Sport	Women’s Volleyball		Men’s Volleyball		Women’s Table Tennis		Men’s Table Tennis		Men’s Tennis
Probability	Implied	Observed	Implied	Observed	Implied	Observed	Implied	Observed	Implied	Observed
1-1	33.909		32.045		31.471		33.337		33.169
2-0	66.085		67.955		68.529		66.663		66.831
Parameter p	78.360		79.963		80.438		78.865		79.010
3-0	49.128	49.450	51.933	51.324	52.794	53.341	49.995	50.138	50.247	50.767
2-1*	16.957	16.635	16.022	16.631	15.735	15.188	16.668	16.525	16.584	16.064
3-1*	11.206	10.097	10.888	10.425	10.783	9.463	11.112	10.136	11.084	9.017
2-2*	5.751	6.538	5.134	6.206	4.952	5.725	5.557	6.389	5.501	7.047
Comeback*1	2.876	3.381	2.567	2.987	2.476	2.643	2.778	2.994	2.750	3.907
No comeback*2	2.876	3.157	2.567	3.218	2.476	3.083	2.778	3.395	2.750	3.140

All numbers are relative frequencies in percentages.
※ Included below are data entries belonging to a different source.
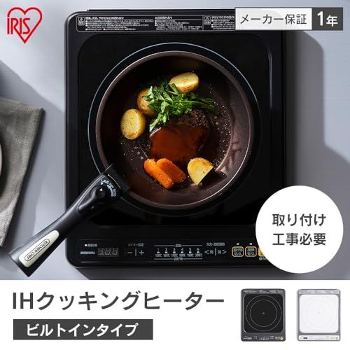 ◆アイリスオーヤマ IHコンロ ビルトインタイプ 1口 100V 1400W 6段階加熱 タイマー付き ガラスプレート 取付工事必要 IHC-B113-W ホワイト
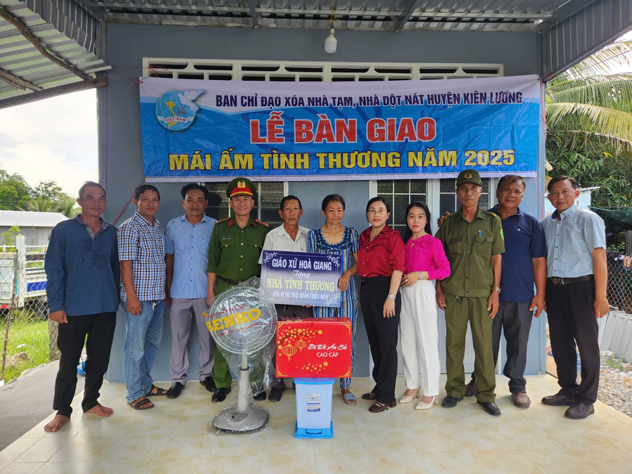 Căn nhà “Mái ấm tình thương” được bàn giao cho hộ gia đình bà Dương Thị Đỏ, ngụ ấp Tà Săng, xã Dương Hòa. Căn nhà có diện tích xây dựng 36m2. Kinh phí xây dựng 70 triệu đồng. Nguồn kinh phí do Giáo xứ Hòa Giang, xã Hòa Điền và Ban Chỉ đạo “Xóa nhà tạm, nhà dột nát” huyện Kiên Lương hỗ trợ 60 triệu đồng, phần còn lại do gia đình đóng góp thêm.
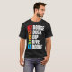 I give wanted to give this a 4 instead of a 5 because these Basic DARK T0shirts run unexpectedly SLIM or Narrow. Which is great if you do not have a potbelly, but I have a paunch. It isn't the shirt's fault that I've got a beer belly. The design and shirt itself is a quality cotton shirt. The color is more of a deep purple, but still a very pretty color. The Basic DARK T-shirts run a bit SLIMMER than the Basic Ts. The neck is a fraction narrower (or seems to be narrower) also. I'm a paunchy middle-aged woman and my neck is 12 inches (31cm) thick and the neckline fell about the same as in the photo of the man, and I had the desire to tug it a bit. So if you're a thick necked man or like loose shirts, be aware these are slimmer shirts. Once I get rid of my lockdown paunch it'll look great. The shirt washed well in cold water with no apparent bleeding. We don't have a dryer, so it hung dry. Did not shrink. Love the colors and the design. The design looks smaller on my shirt than it does on the model on-line. But still, it looks good on the shirt. The printing looks as it does on the model, just the size seems fractionally smaller. Washed garment in cold water, hung dry and design appeared unaffected.
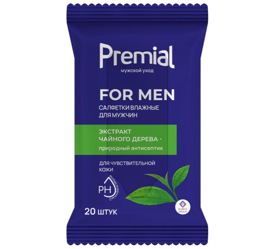 Premial салфетки влажные для интимной гигиены мужские 20 шт
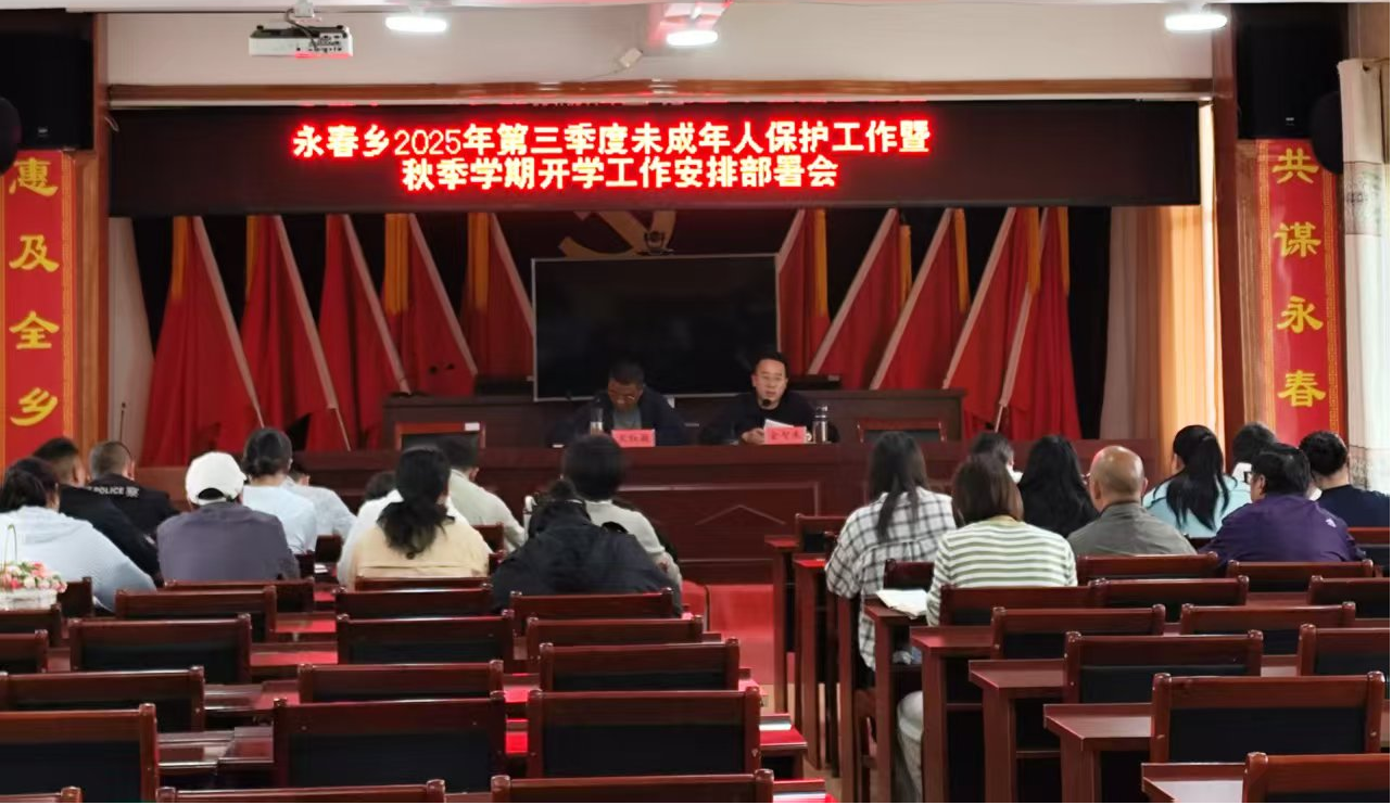 为贯彻落实上级关于未成年人保护工作的决策部署,确保秋季学期学校工作平稳有序开展,2025年9月10日,永春乡召开2025年第三季度未成年人保护工作暨秋季学期开学工作安排部署会。乡党政班子成员、五办四中心负责人、各村党总支书记、驻村工作队长,派出所、中心校、卫生院相关负责人参加会议。

The value of parameter p is estimated on the basis of probabilities for 1-1 and 2-0.

Observed probabilities come from Goldschmied et al. (2025, Table 1).

* Matches that started 2-0.

¹ The contestant that lost the initial 2 sets, won the match.
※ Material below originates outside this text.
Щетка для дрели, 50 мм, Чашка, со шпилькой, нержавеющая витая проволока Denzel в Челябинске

² The contestant that won the initial 2 sets, won the match.

Implications

Even though the suggested one-parametric mathematical model cannot fully reproduce field observations, its goodness of fit is surprisingly high. For example, the probability of 3-0 is over/underestimated by no more than 1.5%. The result of 2-1 after one contestant wins the first two sets is underestimated for all sports except men’s volleyball. This shows that luck is partially responsible for winning the first two sets, which is reinforced by the overestimation of the result 3-1 after one contestant wins the first two sets. The extent of upward bias exceeds 9.5% other than men’s volleyball and reaches 22.9% in men’s tennis.

Analogously, the probability of 2-2 after one contestant wins the first two sets is underestimated by at least 12%, with the worst performance for men’s tennis, where the downward bias is 22%. Finally, the model is independent of the outcomes of previous sets, therefore, the implied probabilities of a comeback and no comeback coincide. The relative frequency of both events is underestimated between 6.3% (comeback in women’s table tennis) and 29.6% (comeback in men’s tennis). The distortion is higher for a comeback in two sets of data—women’s volleyball and men’s tennis—and for no comeback in sets of data.

Overall, it seems that luck and psychological factors such as crowd support affect volleyball to the smallest and men’s tennis to the highest degree. The conclusion that skills and training have more impact on team sports than on individual sports makes sense.